It was a beautiful morning. I woke to the sound of birds singing outside my open window. A soft northerly breeze wafted through the curtains and across my face. Yes, it's true, I should have been a poet. I would have too but I couldn't pass the test to get my license (get it?) so I was a mediocre businessman instead. I got up and did the morning ritual and while brushing my hair noticed something I've never noticed before in the mirror....a BALD spot. That's right, there is a bald spot right there for all the world to see. No way to cover it up either. Believe me I tried. This is the beginning of the end I'm afraid.
It's not fair that I should lose my hair
While still in my middle years.
I guess it's not really going away
But moving from head to ears.
See, I should have been a poet. This stuff just pours out of me. Anyway, back to the hair problem. I really don't mind losing my hair. After all, I've worn the closest thing to a buzz cut for years now. But it just doesn't seem fair for it to happen so unexpectedly. I know guys from college who were losing their hair way back then. Some of them are still in the process. My hair has always been so thick my barber had to thin it regularly. Now all of a sudden....BALD SPOT.

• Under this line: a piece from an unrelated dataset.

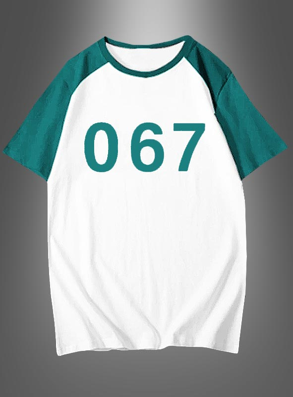 Das Spieler Nummer 067 T-Shirt für Damen ist nicht nur als Cosplay Kostüm ideal, sondern auch im Alltag tragbar. Der Stoff ist angenehm dehnbar. Die Raglanärmel sind grün, das Shirt selbst ist weiß. Vorne ist die Nummer 067 aufgedruck. Vielleicht gewinnen Sie mit dieser Glückszahl auch unendlich viel Geld und zocken alle ab. Zusammen mit dem Spieler Nummer 456 sind Sie auf jeden Fall ein unschlagbares Team.

In college just about everyone grew their hair long. Due to respect (fear) for my military trained dad and pressure from a very conservative grandfather, I never even tried to let mine grow. While long hair and beards became the norm I still wandered around campus with the close-cropped look. Beads and baggy clothes were against the rules too. Even my blue jeans were starched and neatly pressed...talk about anti-establishment. Everyone thought I was in ROTC. I always wanted to see how my hair would look long. I did grow a beard in 1977 but it was conservative. I looked pretty silly actually....short hair and beard, pale yellow button down cotton shirt with starched blue jeans.

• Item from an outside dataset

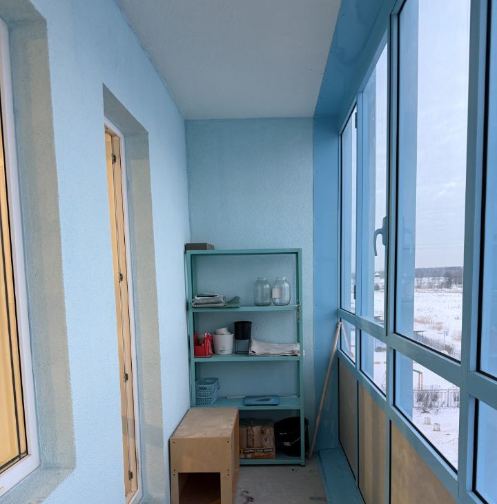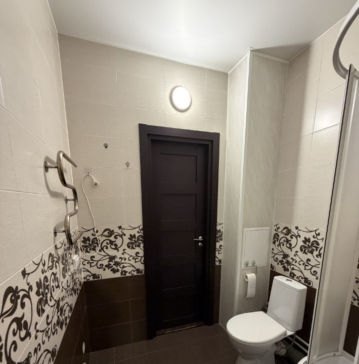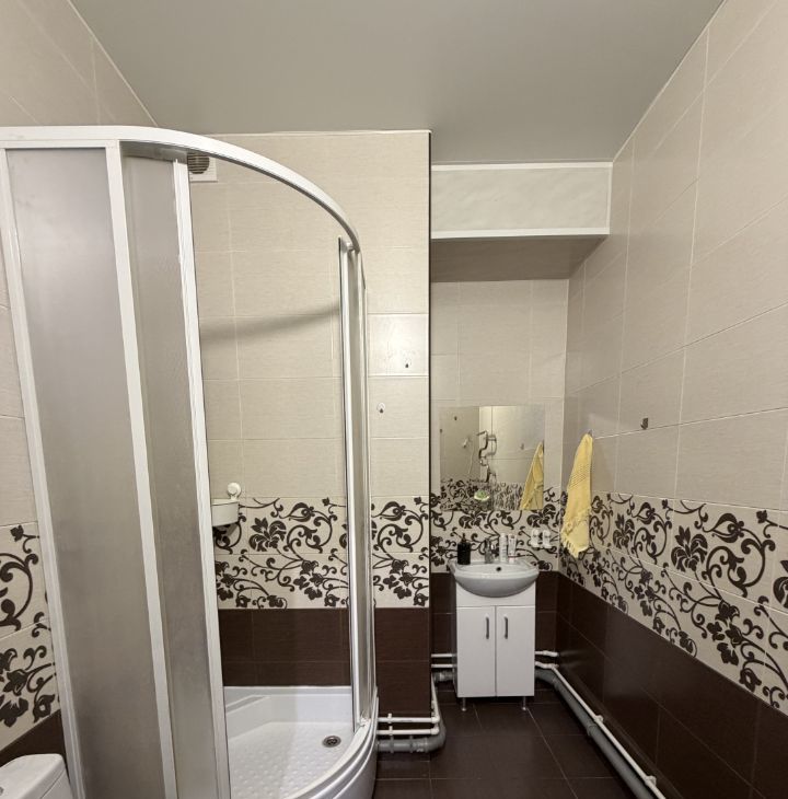 Кухня с чайником и бытовой техникой: варочная панель, духовка, холодильник; обеденная зона со столом и стульями. В коридоре вместительный шкаф и тумба для обуви. Санузел совмещенный - с душем. В ближайшее время будет приобретена стиральная машинка.

As I neared retirement I thought I might just let it all go. I figured real long gray hair and beard would make me look like I still had it...whatever "it" is. I could see myself on stage with Willie and the boys knocking it out on my banjo while holding my hair back with a red bandana. You can see that, can't you? Great look, great look indeed. There is really nothing holding me back from making that image come true...well, except the part where I'm playing banjo on stage with Willie Nelson. That's just crazy. I can't play the banjo that well. Debbie would agree to my craziness...I think. All that's holding me back now is my lack of nerve, my impatience with messy hair, a scratchy face needing a shave, and now a stinking BALD spot. It's just not fair.